- [RECORD EXTRACTS]:
BEGIN

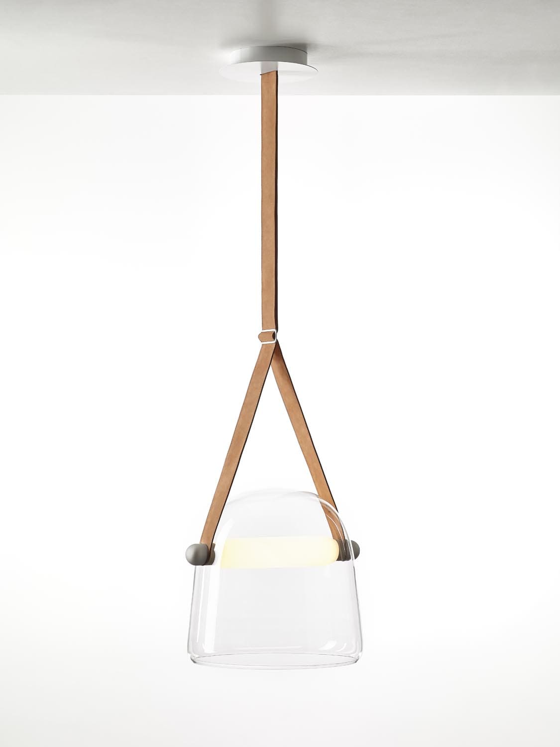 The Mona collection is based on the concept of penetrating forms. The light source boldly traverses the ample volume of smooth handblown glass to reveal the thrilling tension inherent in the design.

END
BEGIN

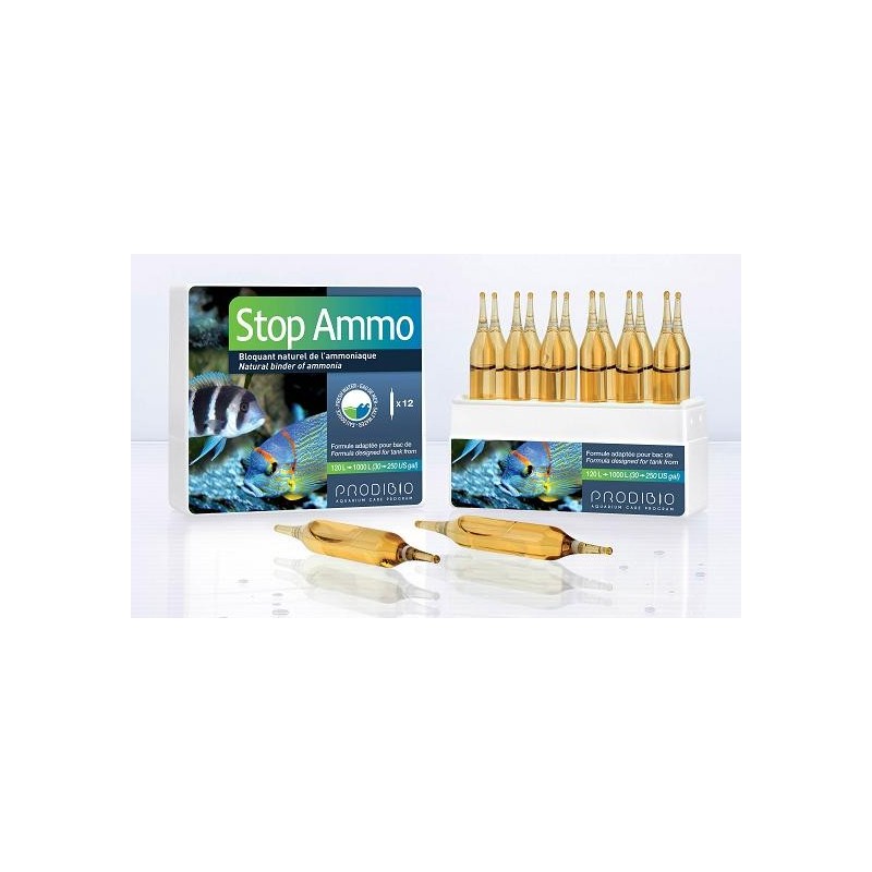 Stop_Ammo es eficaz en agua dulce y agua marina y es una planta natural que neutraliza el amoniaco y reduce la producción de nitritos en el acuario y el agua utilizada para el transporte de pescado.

END
BEGIN

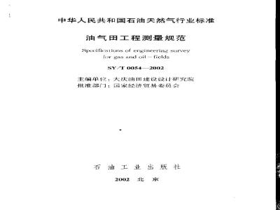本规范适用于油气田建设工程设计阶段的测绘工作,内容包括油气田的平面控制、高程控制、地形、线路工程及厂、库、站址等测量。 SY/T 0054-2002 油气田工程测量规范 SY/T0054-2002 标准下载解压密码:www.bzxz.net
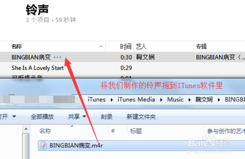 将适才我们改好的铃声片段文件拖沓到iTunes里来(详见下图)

END

- [ABOUT THIS TASK]: In the listing above, find the line with "油气田工程测量规范 SY/T0054-2002 标准下载解压密码:www.bzxz.net" and the line with "将适才我们改好的铃声片段文件拖沓到iTunes里来(详见下图)". Set down exactly those lines and everything between them, skipping pictures.

- [EXERCISE RESULT]:
本规范适用于油气田建设工程设计阶段的测绘工作,内容包括油气田的平面控制、高程控制、地形、线路工程及厂、库、站址等测量。 SY/T 0054-2002 油气田工程测量规范 SY/T0054-2002 标准下载解压密码:www.bzxz.net
 将适才我们改好的铃声片段文件拖沓到iTunes里来(详见下图)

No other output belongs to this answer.